30. As already pointed out that the landlady did not enter into the box to clarify these things. The Engineer who was examined by the tenant who had visited the demised building had categorically mentioned in his report, Ex.R5 that the area of construction, that is plinth area was 453sq.f. In the said circumstances, the admission given by RW1 is found to be wrong and the Rent Controller ought to have accepted the engineer's report, Ex.R5. In the engineer's report produced on the side of the landlady as Ex.P1, it has been mentioned that the area of the building was 460sq.ft., but he had admitted in cross-examination that he did not go inside the premises and measure the property.
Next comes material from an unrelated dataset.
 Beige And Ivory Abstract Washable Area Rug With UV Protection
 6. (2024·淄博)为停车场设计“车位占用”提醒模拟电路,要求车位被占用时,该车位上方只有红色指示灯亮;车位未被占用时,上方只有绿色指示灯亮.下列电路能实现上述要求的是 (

Therefore, the said report, cannot be considered as technically a correct report.
31. The report of RW2 produced in Ex.R5 would go to show that the 50% of the built up area was added for the apportioned site area. The tenant was using the vacant site portion to reach his outhouse building. For that, he has calculated 226.5 sq.ft whereas Ex.P1 report would go to show that the vacant site available was 1280 sq.ft and it was also to be considered for admitting 50% of the area in plinth area to reach the correct extent of site for assessment of land value. The said calculation could be shown as wrong when the document produced in Ex.R3 would show that the demised building is located on the south by the main building and vacant space in between ways, West by playground of Karpagavalli Matriculation School: North by: New tank street building and East by: House and ground belonging to C.A.Srinivasan. This description will go to show that the vacant space was not forming part of the demised building. A theory of 50% of the plinth area cannot be considered as quite correct. However, the engineer examined by the tenant as RW2 had considered 50% of the plinth area to be added in construction of the path way leading to the main road through the vacant site. Therefore, adding of 50% was justified, only for the plinth area of 453 as per Ex.R5.
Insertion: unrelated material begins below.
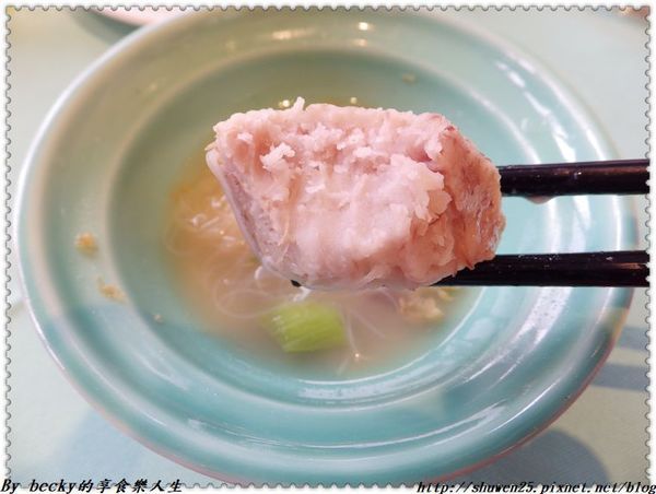 舀了一碗,可以看到裡頭除了中卷外,還有肉絲、芋頭、手工丸及米粉等食材。

32. The cost of construction was rightly followed at Rs.251/- per sq.ft, even though, it is for an asbestos roof building. Therefore, the calculation made in 460 sq.ft. ought to have been made for 453 sq.ft. and the basic amenities at 10% and the depreciation at 1% for 12 years should have been done by the learned Rent controller.
33. As regards the value of the land, we could see that the extent of land was considered at 690 sq.ft which ought to have been made for 679.5 sq.ft as per Ex.R5. As far as the market value of the land is concerned, the learned Rent Controller has relied upon Ex.C1 after describing Ex.P3 as well as R4 produced by both the parties. The judgment of Full Bench of this Court reported in 2006 (2) CTC 433 (Sakthi & Co., through its Partner, Veeranan Vs. Shree Desigachary) is a clear answer and the relevant passage would run as follows :
1)The guideline value, contained in the Basic Valuation Register, maintained by the Revenue Department or the Municipality for the purpose of collecting stamp duty, has no statutory base or force. It cannot form a foundation to determine the market value mentioned thereunder in instrument brought for registration.
2)Evidence of bona fide sales between willing prudent vendor and prudent vendee of the lands acquired or situated near about that land possessing same or similar advantageous features would furnish basis to determine the market value. In this case, the guideline value alone has been considered, which, in our view, is illegal.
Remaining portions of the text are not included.